- **WHAT THE TASK REQUIRES**:
Below are records that should be duplicated exactly, with no image retained.

- **RECORDS PROVIDED**:

□ □ □

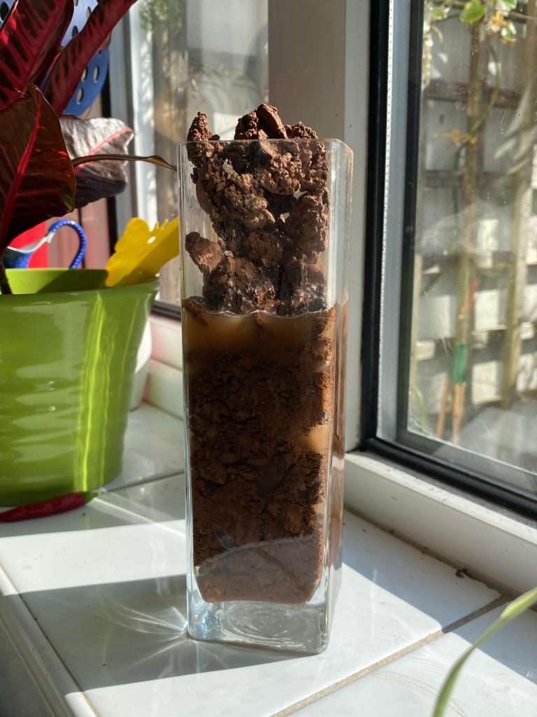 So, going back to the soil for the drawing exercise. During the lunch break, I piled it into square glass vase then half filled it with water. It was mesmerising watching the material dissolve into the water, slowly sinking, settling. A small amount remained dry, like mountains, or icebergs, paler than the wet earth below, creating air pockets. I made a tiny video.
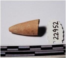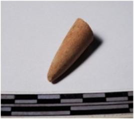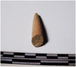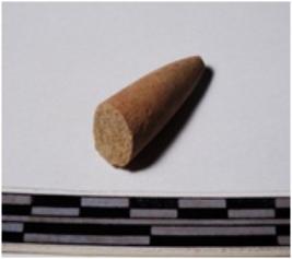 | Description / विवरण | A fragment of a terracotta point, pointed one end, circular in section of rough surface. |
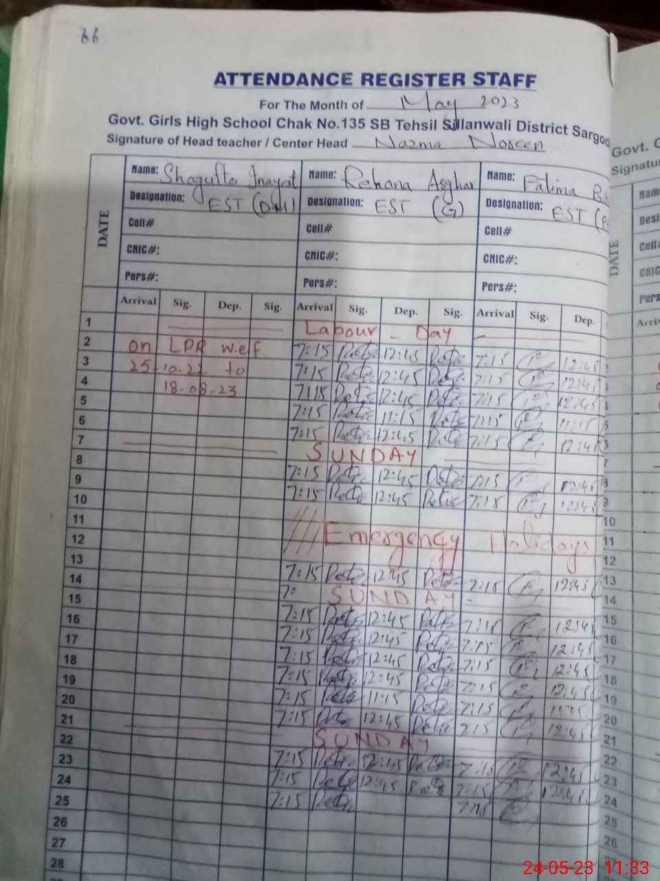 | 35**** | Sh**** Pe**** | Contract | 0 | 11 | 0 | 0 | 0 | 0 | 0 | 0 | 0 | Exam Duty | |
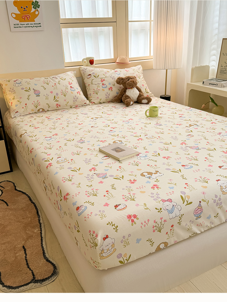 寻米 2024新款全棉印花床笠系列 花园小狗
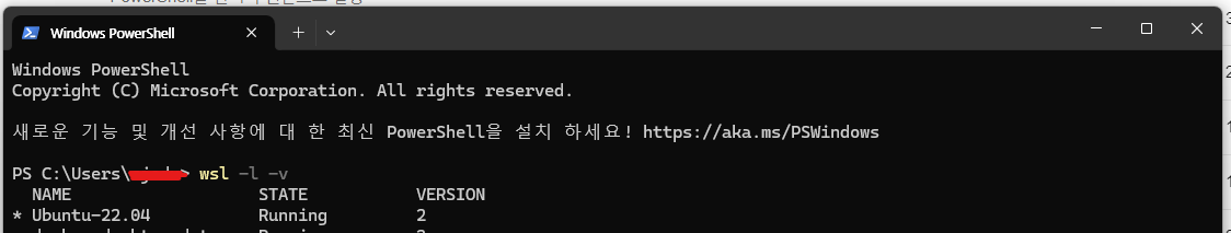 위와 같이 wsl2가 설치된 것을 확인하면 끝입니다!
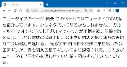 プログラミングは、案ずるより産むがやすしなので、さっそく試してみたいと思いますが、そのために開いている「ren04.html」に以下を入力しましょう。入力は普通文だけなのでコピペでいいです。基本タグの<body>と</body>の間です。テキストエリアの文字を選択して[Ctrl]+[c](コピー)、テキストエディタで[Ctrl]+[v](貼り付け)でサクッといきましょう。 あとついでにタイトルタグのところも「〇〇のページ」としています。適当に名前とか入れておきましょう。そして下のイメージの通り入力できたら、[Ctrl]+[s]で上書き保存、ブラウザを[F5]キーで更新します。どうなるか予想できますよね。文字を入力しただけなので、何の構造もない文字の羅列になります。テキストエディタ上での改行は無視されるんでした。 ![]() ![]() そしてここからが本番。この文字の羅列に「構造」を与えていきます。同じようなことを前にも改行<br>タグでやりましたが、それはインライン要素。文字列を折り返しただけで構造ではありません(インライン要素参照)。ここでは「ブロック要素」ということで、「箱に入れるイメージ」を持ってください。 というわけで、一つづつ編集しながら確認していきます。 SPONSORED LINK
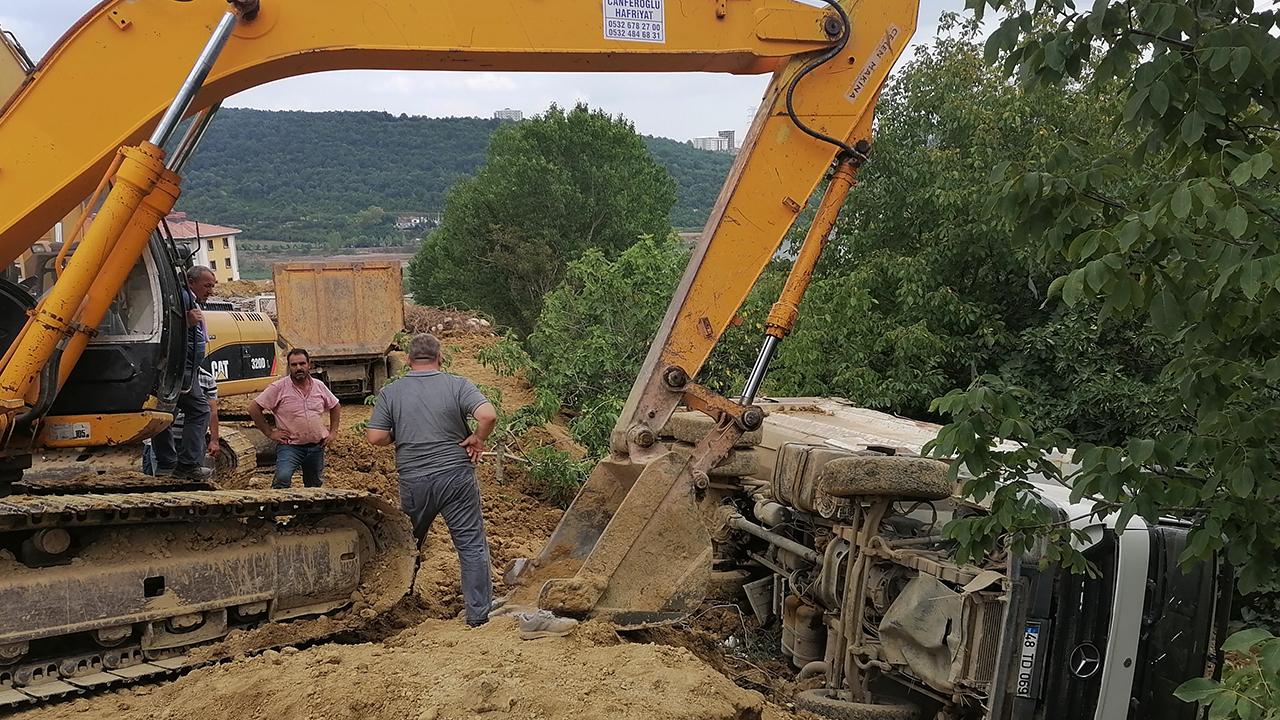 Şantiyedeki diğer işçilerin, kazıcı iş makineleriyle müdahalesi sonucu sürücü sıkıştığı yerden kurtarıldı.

□ □ □

- **EXERCISE OUTPUT**:
 So, going back to the soil for the drawing exercise. During the lunch break, I piled it into square glass vase then half filled it with water. It was mesmerising watching the material dissolve into the water, slowly sinking, settling. A small amount remained dry, like mountains, or icebergs, paler than the wet earth below, creating air pockets. I made a tiny video.
 | Description / विवरण | A fragment of a terracotta point, pointed one end, circular in section of rough surface. |
 | 35**** | Sh**** Pe**** | Contract | 0 | 11 | 0 | 0 | 0 | 0 | 0 | 0 | 0 | Exam Duty | |
 寻米 2024新款全棉印花床笠系列 花园小狗
 위와 같이 wsl2가 설치된 것을 확인하면 끝입니다!
 プログラミングは、案ずるより産むがやすしなので、さっそく試してみたいと思いますが、そのために開いている「ren04.html」に以下を入力しましょう。入力は普通文だけなのでコピペでいいです。基本タグの<body>と</body>の間です。テキストエリアの文字を選択して[Ctrl]+[c](コピー)、テキストエディタで[Ctrl]+[v](貼り付け)でサクッといきましょう。 あとついでにタイトルタグのところも「〇〇のページ」としています。適当に名前とか入れておきましょう。そして下のイメージの通り入力できたら、[Ctrl]+[s]で上書き保存、ブラウザを[F5]キーで更新します。どうなるか予想できますよね。文字を入力しただけなので、何の構造もない文字の羅列になります。テキストエディタ上での改行は無視されるんでした。 ![]() ![]() そしてここからが本番。この文字の羅列に「構造」を与えていきます。同じようなことを前にも改行<br>タグでやりましたが、それはインライン要素。文字列を折り返しただけで構造ではありません(インライン要素参照)。ここでは「ブロック要素」ということで、「箱に入れるイメージ」を持ってください。 というわけで、一つづつ編集しながら確認していきます。 SPONSORED LINK
 Şantiyedeki diğer işçilerin, kazıcı iş makineleriyle müdahalesi sonucu sürücü sıkıştığı yerden kurtarıldı.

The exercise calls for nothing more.